In discussing Customer Care and Retention Research with potential clients, I am hearing comments reflecting 5 specific beliefs about customer research. These beliefs have evolved based on the technologies available and the media coverage of various studies which make it appear easy (and therefore cheap) to either avoid customer research all together, allocate a very limited budget to this work and/or expect their internal team to be experts at customer research.

Read on to understand the 5 beliefs and why they are myths …

Myth #1: We don’t need customer research, we know our customers.

Do you really KNOW your customers? What they value about their relationship with your company? What they wish you would change? Where they experience problems or annoyances with your company? Where they experience ‘pain’ that you could help them with … even if this is not something you currently offer?

Customers are unwilling to provide candid feedback to their sales representative for a variety of reasons:

  • they want to avoid hurt feelings
  • they don’t want to compromise their negotiating position
  • they have already decided to leave, and don’t want the bother.
  • they have not been asked (especially true of positive feedback)

Customer research will help you to keep up with changing customer needs and wants and anticipate opportunities to improve and expand your products and services.

Myth #2: If we do need customer research, we can do it ourselves.

You certainly CAN do your own customer research. There are tools (e.g., apps) available to help you collect the information and tabulate the results. Some of the tools are even available free.

And, just as anyone with a tool box can do their own mechanic work, or plumbing or carpentry, that does NOT make them experts.

Marketing research is both an art and a science. And, researchers are skilled professionals who know how to word and how to present questions to minimize biasing the customer’s answer. The interpretation of data is a science which researchers have mastered. And, your customers are more likely to speak freely to an unbiased researcher than they are to speak freely with members of your team.

Myth #3: A researcher could never understand our business - it's too complicated.

The researcher brings knowledge and experience of capturing customer insights across a range of businesses and industries.

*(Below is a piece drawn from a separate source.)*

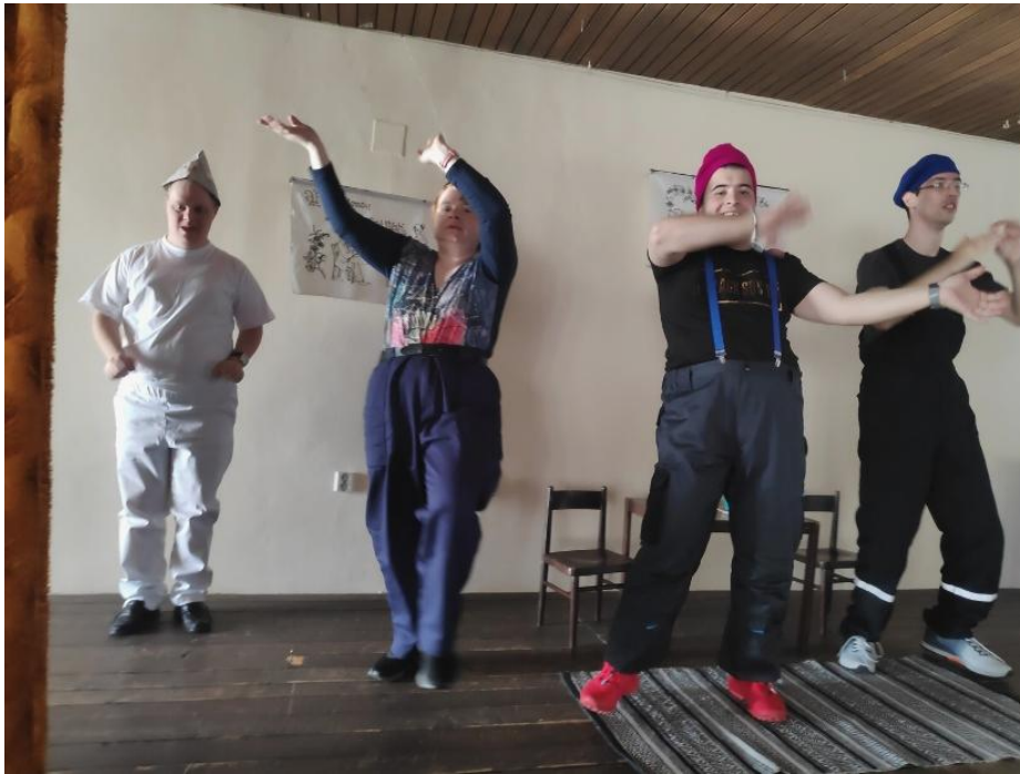
Október 2022 „Na krídlach anjelov“ Žiar nad Hronom
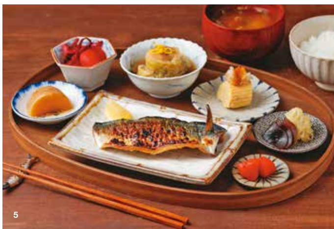
4.「蜂大咖啡」延續懷舊的日式喫茶店風格，供應簡單卻經典的早餐組合。 5.「朝炭」提供烤魚、白飯及醃漬物等日式朝食，讓人彷彿置身日本的晨間場景。

While they will need your help understanding the jargon (and acronyms) of your business, and an overall understanding of your business, it is more important for the researcher to fully understand your research goals, your market, and your customers.

Remember, the objective outside perspective from a skilled researcher is of great value in providing you with a deeper understanding of your customers. An understanding that is free of bias or agenda!

Myth #4: It’s easy to design a survey questionnaire.

As mentioned above, there are many tools that make it appear easy to design a survey. But, if the information gathered is to provide useful insights, you must think about how you will analyze it and design accordingly.

You will also want to be sure that the order and wording of the questions minimizes the bias introduced to the dialogue (e.g., that you don’t provide the answer to a later question or lead the customer to give a specific answer).

You will be surprised at the intricacies of questionnaire design and data capture; it is not as easy as it looks!

Myth #5: Anyone can conduct a focus group.

As with questionnaire design, moderating focus groups requires specialized skills and abilities.

Not only will the moderator ask the questions in a specific order, and an objective manner, they will ensure that participation is inclusive and that all points of view are explored.

Moderators often use projective techniques and specialized tools (e.g., usage diaries, experience journals, ethnography, and observation) to support the discussion and develop a clear picture of customer behaviour.

Next time you are tempted to attempt a do-it-yourself solution or disregard the value of customer research all together, please consider these 5 myths and how a researcher can bring great value to your organization.


Anne Miner founded The Dunvegan Group in 1987 as a full -service marketing research consulting firm. Under her leadership, the company has adapted to changes in the markets, advances in technology, and economic ups and downs. The firm developed its own processes, metrics, and software to support the services it delivers to Business-to-Business corporations, as well as smaller companies, including start-ups. The company serves clients across North America and around the world as they thrive and grow through serving their own customers according to the insights customers provide.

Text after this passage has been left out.